For the answer, let us look at the hard facts.

17 of Ukraine's 27 administrative regions (whose population makes two thirds of the total) threaten with referendum leading to autonomy or full independence. In a survey conducted in Ukraine in August-September, 49 percent of respondents chose their "Slavic brothers," while 29.3 percent opted for the EU. (www.ukrweekly.com Oct. 4, 04) With such a disposition among Ukrainians, the US, EU and Russia turned Ukraine into the bone of contention. The US warned that it will cut back a $143 million aid package, while Russia openly supported Yanukovych.

The more West pulled the faster Yanukovich's rating was growing -- from 9 percent in February, to 17 percent in June to 31.5 percent in October.
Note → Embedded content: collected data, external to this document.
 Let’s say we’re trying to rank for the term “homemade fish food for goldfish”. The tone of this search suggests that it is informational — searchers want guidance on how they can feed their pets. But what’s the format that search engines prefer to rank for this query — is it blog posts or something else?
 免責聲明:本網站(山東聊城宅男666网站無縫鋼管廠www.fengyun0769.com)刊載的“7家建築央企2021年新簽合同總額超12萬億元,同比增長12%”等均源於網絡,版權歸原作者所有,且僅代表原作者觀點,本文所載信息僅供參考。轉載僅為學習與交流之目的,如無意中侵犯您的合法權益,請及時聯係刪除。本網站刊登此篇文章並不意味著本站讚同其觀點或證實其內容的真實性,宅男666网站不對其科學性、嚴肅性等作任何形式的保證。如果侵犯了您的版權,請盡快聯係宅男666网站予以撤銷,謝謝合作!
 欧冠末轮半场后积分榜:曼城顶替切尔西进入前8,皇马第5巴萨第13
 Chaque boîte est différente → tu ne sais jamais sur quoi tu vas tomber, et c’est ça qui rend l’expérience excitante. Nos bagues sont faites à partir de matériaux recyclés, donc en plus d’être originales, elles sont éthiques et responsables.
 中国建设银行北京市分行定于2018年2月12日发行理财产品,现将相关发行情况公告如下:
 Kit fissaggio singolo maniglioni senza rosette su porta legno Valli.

At the same time Yushchenko's rating has been hovering around 20 and 23 percent and rose to 30.6 percent in October. His miserable appearance in the presidential debates did the rest.

Leonid Kuchma's wobbling and double-crossing greatly contributed to the identity crisis. He was reelected on a pro-Russia platform in 1999, then he wrote an anti-Russian book, sent troops to Iraq and put membership in NATO on the strategic agenda. When despite all his efforts to win the United States' favor the latter put its stake on Yushchenko, Kuchma began the demonstrable rapprochement with Russia, meeting Putin every other week. Patrick Armstrong, you are wrong claiming that "Putin has made a fool of himself" - it has been Kuchma.
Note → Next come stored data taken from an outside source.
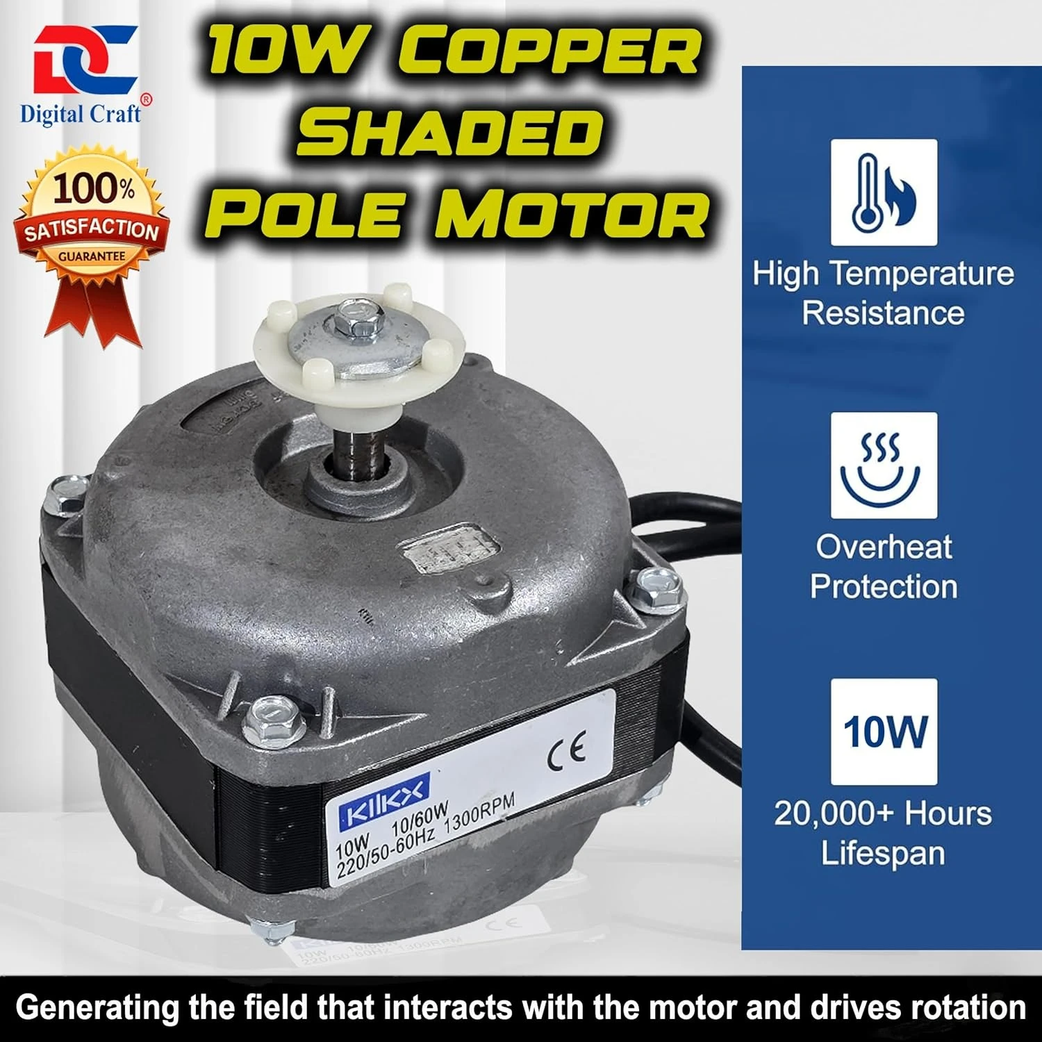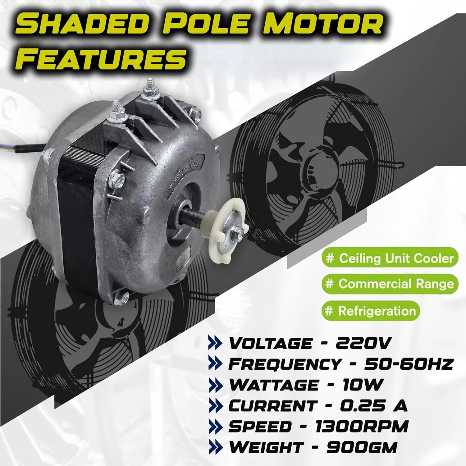 The 10W Copper Shaded Pole Motor is a universal replacement fan motor designed for refrigerators, deep freezers, coolers, visi coolers, and other cooling appliances. Operating at 220V AC with 1300 RPM speed, this motor ensures efficient air circulation and reliable performance. Built with a durable copper winding, it offers long-lasting use and energy efficiency. Ideal for technicians, repair shops, and DIY appliance maintenance, this shaded pole motor is easy to install and provides smooth, quiet operation for consistent cooling performance.
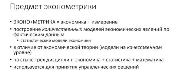 Эконометрика занимается построением моделей. Мы рассмотрели пример такой модели в виде уравнения, но в среднем.
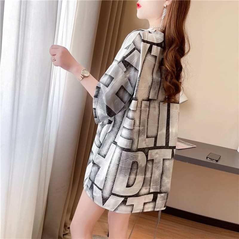 ゆったり感アップ カジュアル アルファベット Tシャツ カットソー<ins-3028>

The current chaos and stalemate is a result of all these unsavory games and Kuchma's attempt to profit from them.

The real source of the crisis, however, is artificial pro-West VS pro-Russian ideological dichotomy. To portray Russia as a dark, sinister, anti-democratic force, while US-EU -- as white shining beacons of democracy and progress is colossal and stupid deception. Neither the US is a model of democracy, nor Russia is anti-democratic, anti-market, imperialistic: If Russia does not want to copy America or imitate Europe, it has good reasons for that and its own brains, and not of the worst quality for that. Didn't you recognize that yourself in your insightful writing over many years?

Finally, Gorgon Hahn said it all: "A successful "orange revolution" could be a harbinger of Moscow 2007-2008". If so, could anybody reproach Putin for fighting not only for the integrity of a sister-state but also for Russia's future? Russia is more than anybody else interested in Ukraine's stability, sovereignty and prosperity - there are about 25-30 million Ukrainians and Russians living in opposite countries or with mixed marriages, to say nothing about intertwined industries and culture.

Gentlemen, you know that, quoting J. Steele (Guardian, Nov. 26), "Ukraine has been turned into a geostrategic matter not by Moscow but by the US, which refuses to abandon its cold war policy of encircling Russia and seeking to pull every former Soviet republic to its side. The EU should have none of this."

The neo-cons think they are playing smart realpolitik by splitting Europeans on "Good" and "Evil." But you should know better. Didn't we have had enough of "Good" (democracy) promoted by the barrel of the gun in Yugoslavia, Kosovo, Macedonia, Afghanistan, Iraq? Now they instigate a schism that can explode into civil war in the middle of Europe, in an oil-gas transit country. Is NATO ready to bomb Donetsk-Crimea-Lugansk to promote a better version of democracy in place of the "managed democracy"? Is EU ready for a Second Cold War?

Gentlemen, I was amazed to see intelligent and sophisticated experts digressing into black-n-white thinking of fundamentalists and born-again morons, who divide the entire world into good and bad guys, thus brewing the troubles of epic dimensions.